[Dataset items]
--- START ---

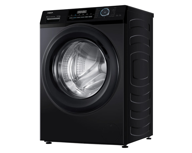 - Máy giặt Aqua Inverter 9.5 kg AQD-A952J(BK) gây ấn tượng với thiết kế cửa trước hiện đại, gam màu đen sang trọng, dễ phối hợp trong nhiều không gian nội thất. Kết cấu thân máy gọn gàng giúp tiết kiệm diện tích lắp đặt. Bảng điều khiển tiếng Việt kết hợp núm xoay trực quan, thuận tiện cho người dùng thao tác hằng ngày.
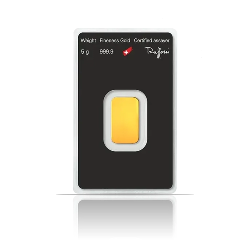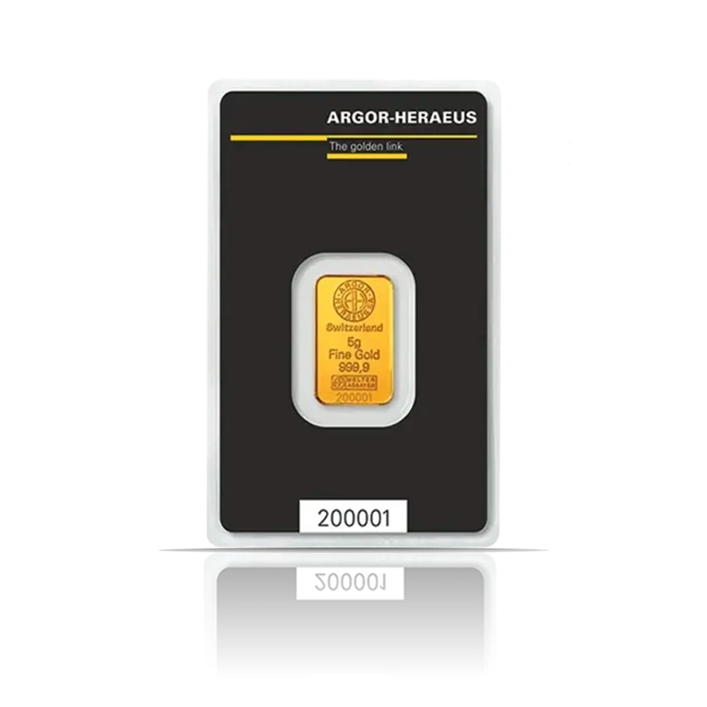 A compact 1 gram .9999 pure gold bar from Argor-Heraeus, with its hallmarks on the obverse and a blank reverse.
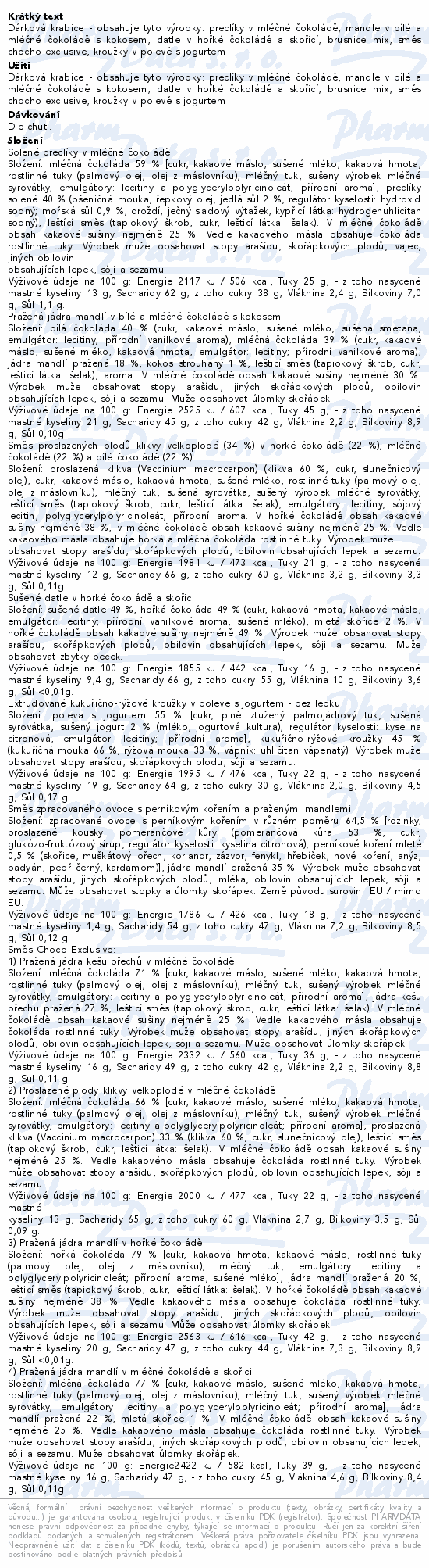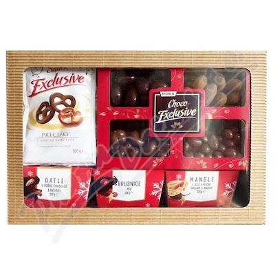 Dárková krabice - obsahuje tyto výrobky: preclíky v mléčné čokoládě, mandle v bílé a mléčné čokoládě s kokosem, datle v hořké čokoládě a skořicí, brusnice mix, směs chocho exclusive, kroužky v polevě s jogurtemPoužití
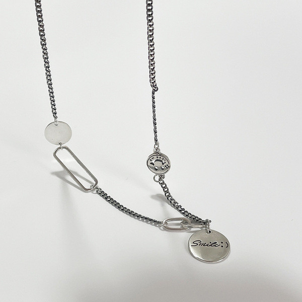 s925 sterling silver smilingface geometric necklace
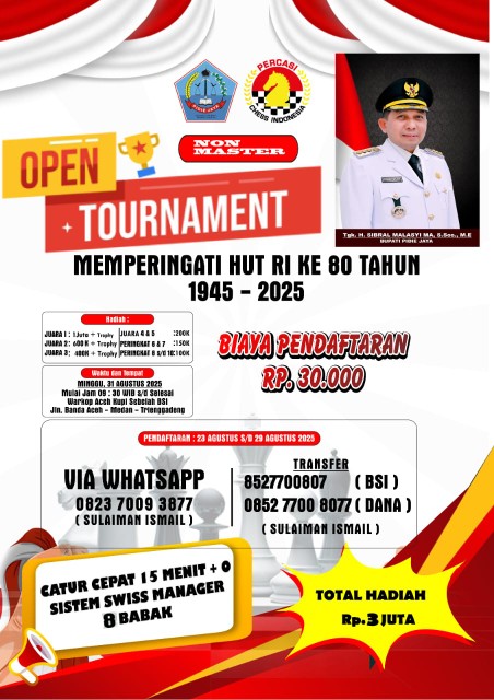 Turnamen catur berlebel Piala Bupati Pijay yang juga memeriahkan HUT ke 80 Kemerdekaan RI, akan digelar di Warkop Aceh Kupi, Jalan Banda Aceh – Medan, Trieng Gadeng, 31 Agustus 2025.
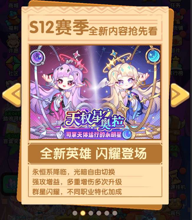 解锁赛季英雄后同步开启伴生系统~开启后,每个永恒系英雄将配套神殿,神殿包含任务、派遣、羁绊、共鸣和萃魂5个模块。获得新英雄后即可开启独立任务,派遣系统每日刷新任务,期间可以领取到各类资源道具;新增英雄羁绊共鸣,从羁绊英雄中选择1个可获得额外加成。更多提升与玩法,就等你来体验~
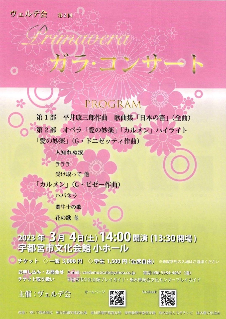 演奏会: ヴェルデ会 第2回 Primavera ガラ・コンサート

--- END ---

#### PROBLEM
Retype exactly, and only, the lines from the one containing "A compact 1" through the end of the records above. Pictures stay out of the copy.

#### RESULT FOR THIS EXERCISE
 A compact 1 gram .9999 pure gold bar from Argor-Heraeus, with its hallmarks on the obverse and a blank reverse.
 Dárková krabice - obsahuje tyto výrobky: preclíky v mléčné čokoládě, mandle v bílé a mléčné čokoládě s kokosem, datle v hořké čokoládě a skořicí, brusnice mix, směs chocho exclusive, kroužky v polevě s jogurtemPoužití
 s925 sterling silver smilingface geometric necklace
 Turnamen catur berlebel Piala Bupati Pijay yang juga memeriahkan HUT ke 80 Kemerdekaan RI, akan digelar di Warkop Aceh Kupi, Jalan Banda Aceh – Medan, Trieng Gadeng, 31 Agustus 2025.
 解锁赛季英雄后同步开启伴生系统~开启后,每个永恒系英雄将配套神殿,神殿包含任务、派遣、羁绊、共鸣和萃魂5个模块。获得新英雄后即可开启独立任务,派遣系统每日刷新任务,期间可以领取到各类资源道具;新增英雄羁绊共鸣,从羁绊英雄中选择1个可获得额外加成。更多提升与玩法,就等你来体验~
 演奏会: ヴェルデ会 第2回 Primavera ガラ・コンサート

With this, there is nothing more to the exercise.